Aim of the exercise:
The lines to copy run from the one containing "Alianza entre la" to the end of the listing. Please write them out exactly, minus the pictures.

Collected data:
<<<<

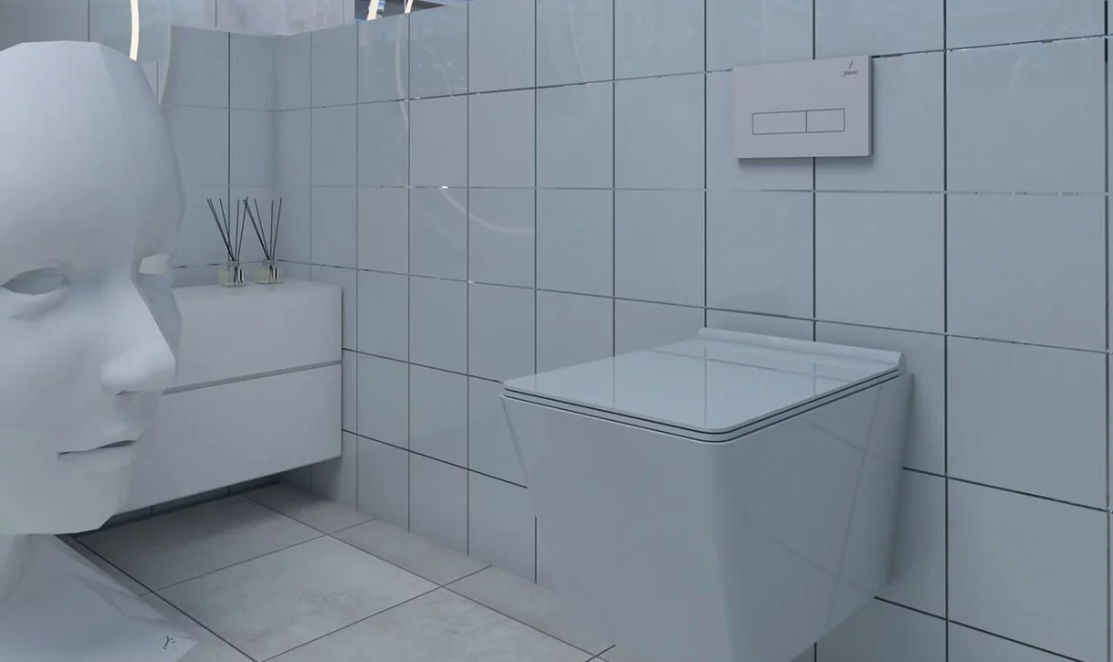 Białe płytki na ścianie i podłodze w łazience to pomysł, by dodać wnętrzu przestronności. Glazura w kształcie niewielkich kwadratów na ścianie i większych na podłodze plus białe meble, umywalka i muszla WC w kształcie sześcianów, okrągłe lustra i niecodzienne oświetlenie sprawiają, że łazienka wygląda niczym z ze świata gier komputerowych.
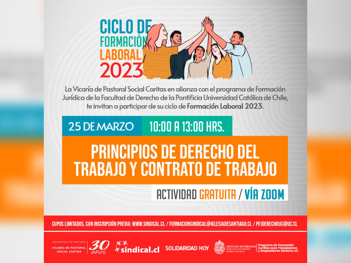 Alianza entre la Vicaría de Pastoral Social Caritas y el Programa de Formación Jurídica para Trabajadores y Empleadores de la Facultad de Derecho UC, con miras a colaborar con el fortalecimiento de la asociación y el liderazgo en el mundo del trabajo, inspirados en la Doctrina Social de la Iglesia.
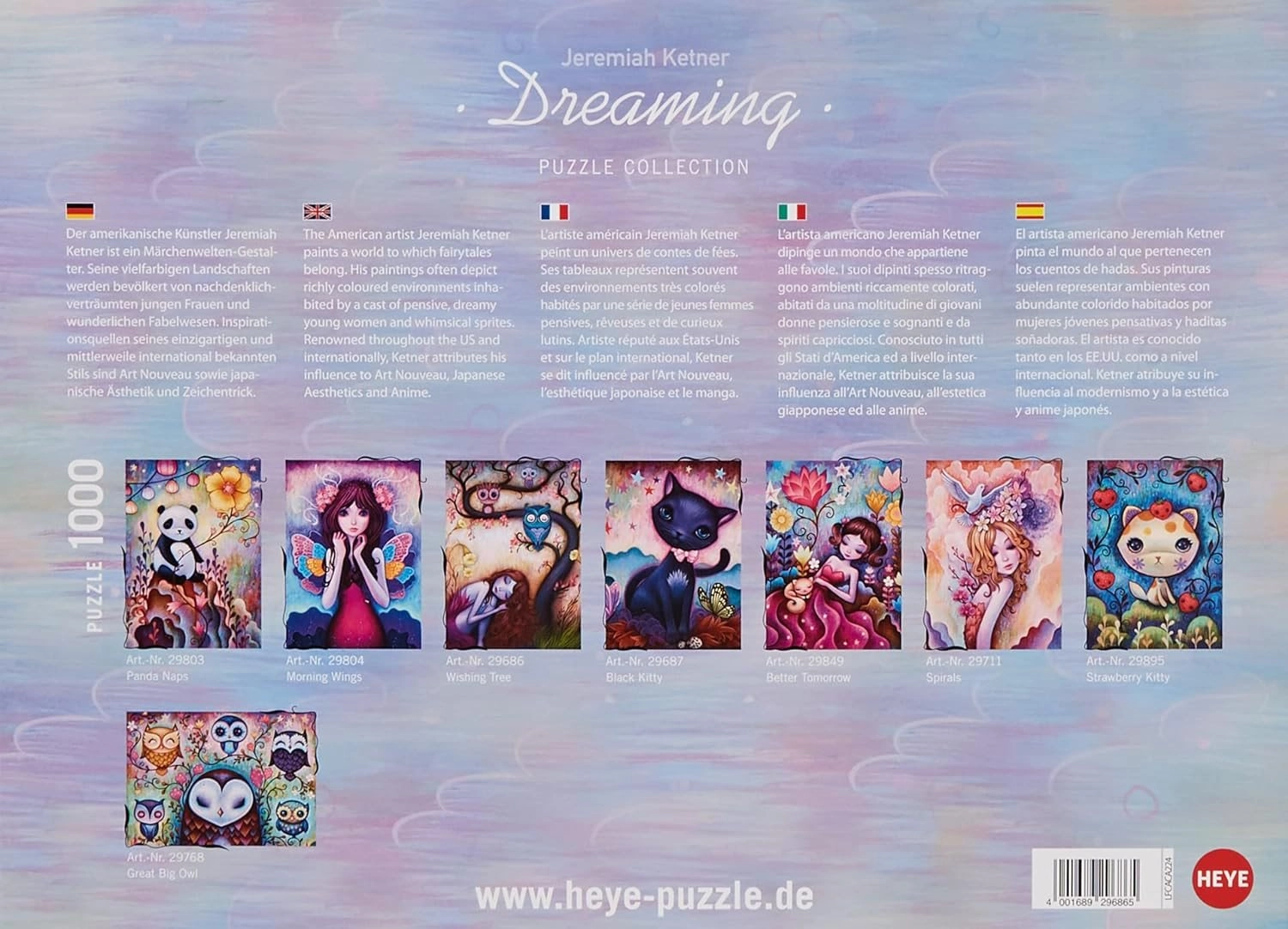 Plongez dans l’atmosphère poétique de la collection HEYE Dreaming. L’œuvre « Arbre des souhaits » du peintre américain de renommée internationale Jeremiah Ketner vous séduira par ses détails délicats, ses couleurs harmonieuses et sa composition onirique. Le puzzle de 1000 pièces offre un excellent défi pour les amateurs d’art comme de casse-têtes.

>>>>

Solution for this problem:
 Alianza entre la Vicaría de Pastoral Social Caritas y el Programa de Formación Jurídica para Trabajadores y Empleadores de la Facultad de Derecho UC, con miras a colaborar con el fortalecimiento de la asociación y el liderazgo en el mundo del trabajo, inspirados en la Doctrina Social de la Iglesia.
 Plongez dans l’atmosphère poétique de la collection HEYE Dreaming. L’œuvre « Arbre des souhaits » du peintre américain de renommée internationale Jeremiah Ketner vous séduira par ses détails délicats, ses couleurs harmonieuses et sa composition onirique. Le puzzle de 1000 pièces offre un excellent défi pour les amateurs d’art comme de casse-têtes.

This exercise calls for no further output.